### The problem
Retyping should cover only the lines from the one containing "Câu 7: Đa thức" through the final line of the records, with pictures omitted.

Provided entries START

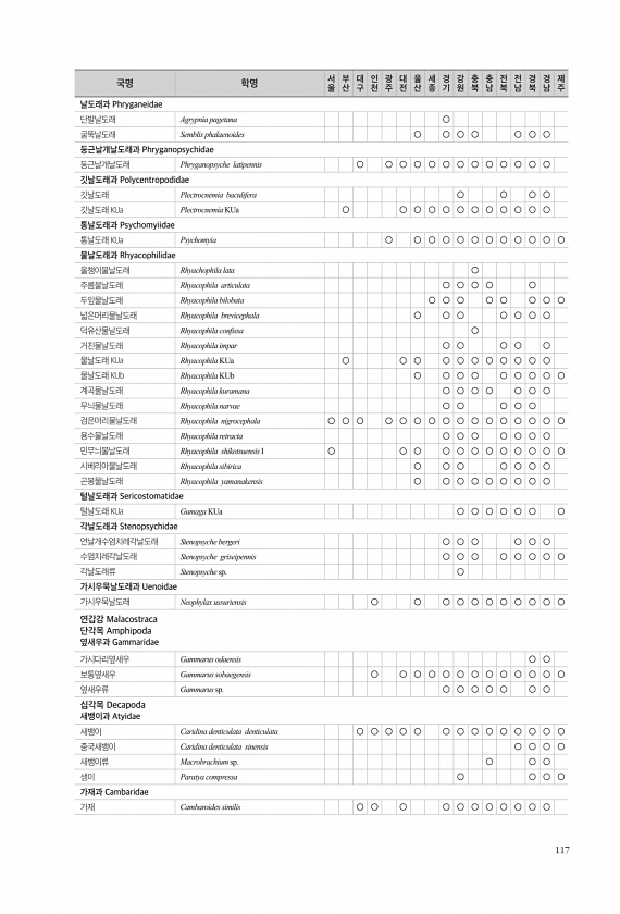 117 날도래과 Phryganeidae 단발날도래 Agrypnia pagetana ○ 굴뚝날도래 Semblis phalaenoides ○ ○ ○ ○ ○ ○ ○ 둥근날개날도래과 Phryganopsychidae 둥근날개날도래 Phryganopsyche latipennis ○ ○ ○ ○ ○ ○ ○ ○ ○ ○ ○ ○ ○ 깃날도래과 Polycentropodidae 깃날도래 Plectrocnemia baculifera ○ ○ ○ ○ 깃날도래 KUa Plectrocnemia KUa ○ ○ ○ ○ ○ ○ ○ ○ ○ ○ ○ ○ 통날도래과 Psychomyiidae 통날도래 KUa Psychomyia ○ ○ ○ ○ ○ ○ ○ ○ ○ ○ ○ ○ 물날도래과 Rhyacophilidae 올챙이물날도래 Rhyachophila lata ...
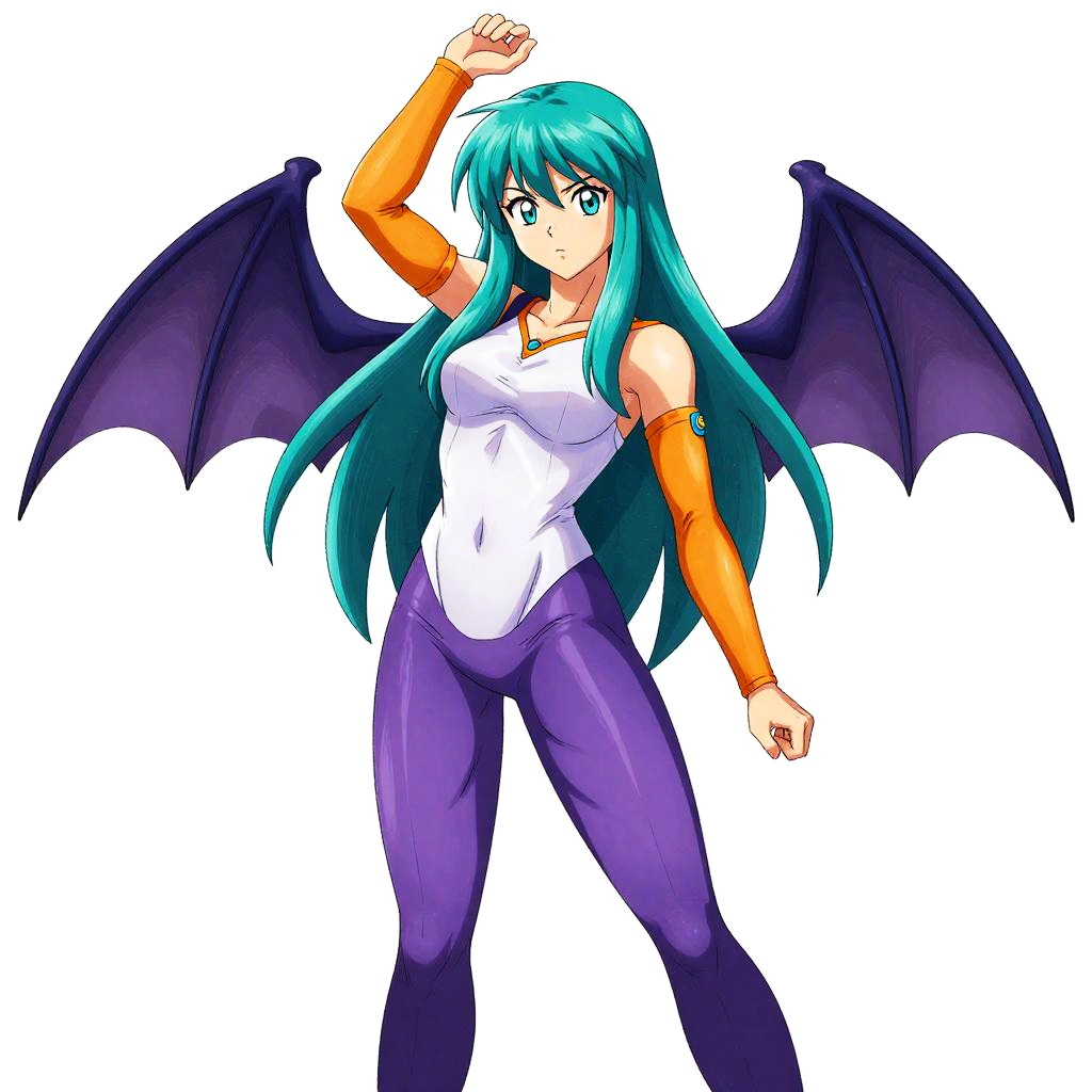 Digital anime-style drawing of a female demon character floating in a cloud-filled sky. She has long teal hair, black bat-like wings, and wears a tight, dark red, off-shoulder dress with black gloves and thigh-high boots. Her expression is confident and slightly mischievous. The background is a gradient of purple to white, with fluffy clouds below.
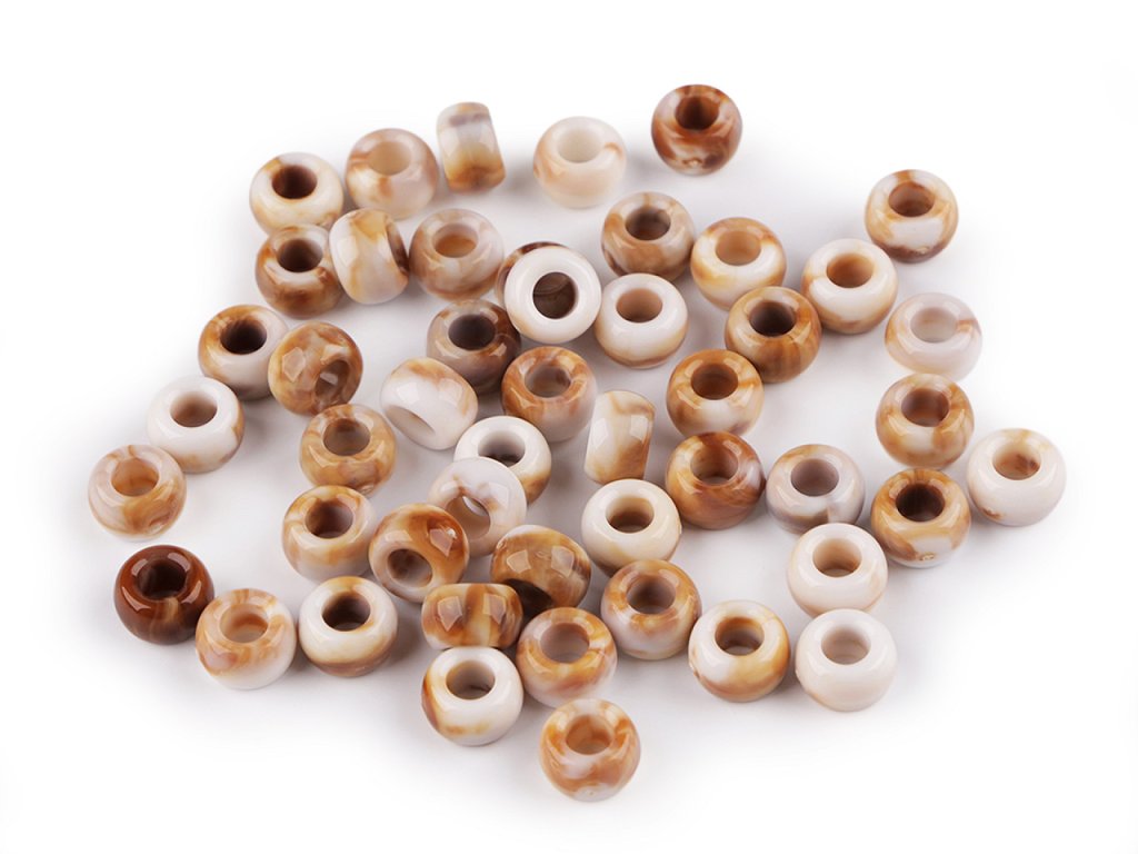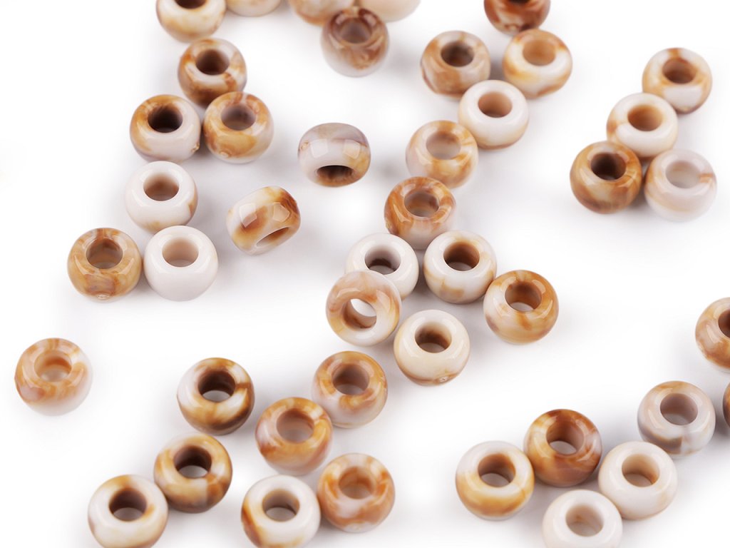 Žíhané plastové korálky s velkým zaobleným průvlekem jsou zajímavé svým probarvením imitujícím mramor, kdy každý korálek je jiný. Jemně se lesknou, jsou velice příjemné na pohled, působí přírodním dojmem. Jsou velice kvalitní, všude hladké, nemají žádné otřepení nebo viditelné švy. Využijete je na výrobu bižuterie i různých dekorací, např. lapačů snů. Skvěle se kombinují s dalšími korálky různých tvarů a materiálů. Korálky využijete i ke zdobení oděvů, tašek nebo plavek. Korálky jsou vhodné pouze pro šetrné ruční praní. Balení 20 g obsahuje cca 73 ks korálků.- Průměr: 9 mm
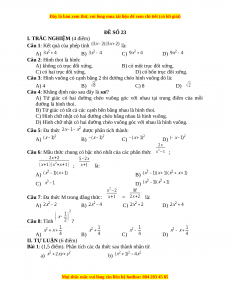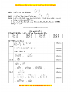 Câu 7: Đa thức M trong đẳng thức: x+1 = 2 x+2 là: A) B) C) D) Câu 8: Tính ? A) B) C) D)
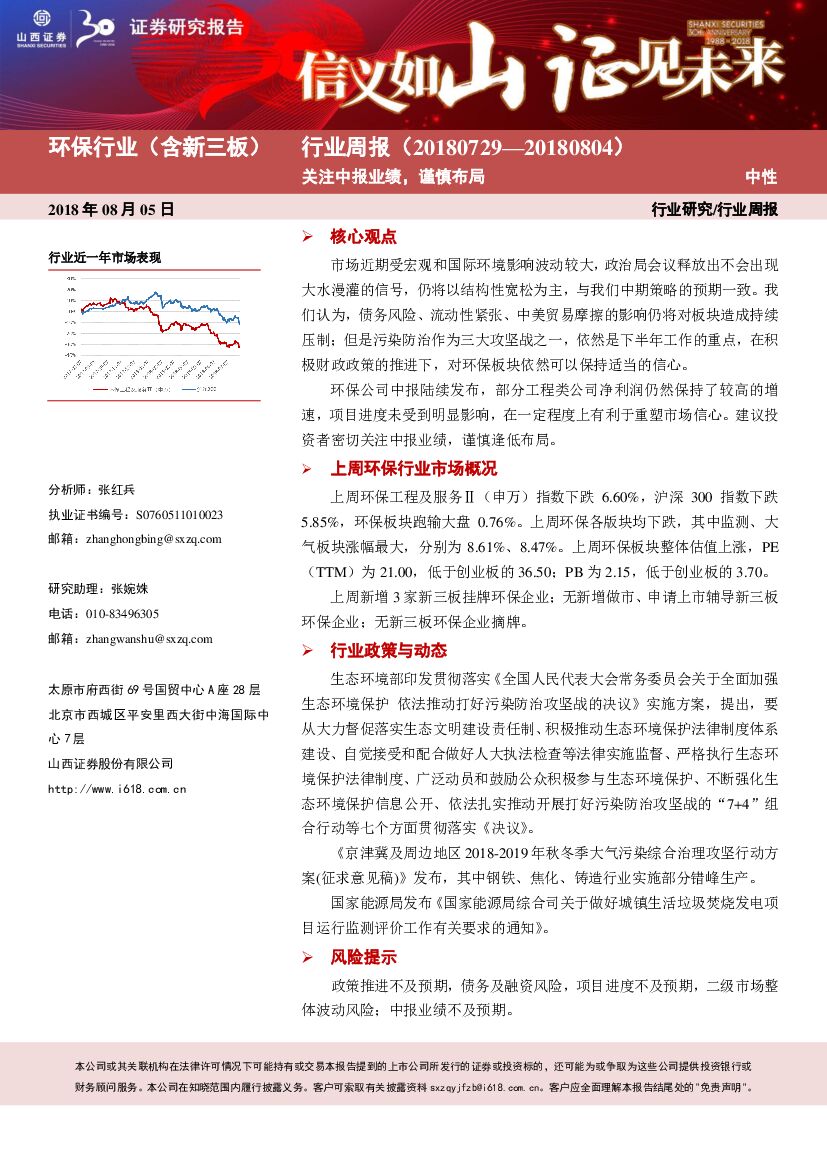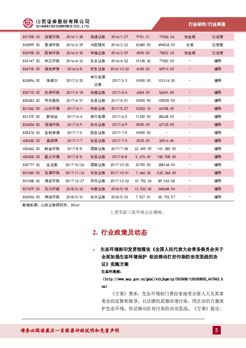 山西证券:环保行业(含新三板)周报:关注中报业绩,谨慎布局.pdf

Provided entries END

### Response area
 Câu 7: Đa thức M trong đẳng thức: x+1 = 2 x+2 là: A) B) C) D) Câu 8: Tính ? A) B) C) D)
 山西证券:环保行业(含新三板)周报:关注中报业绩,谨慎布局.pdf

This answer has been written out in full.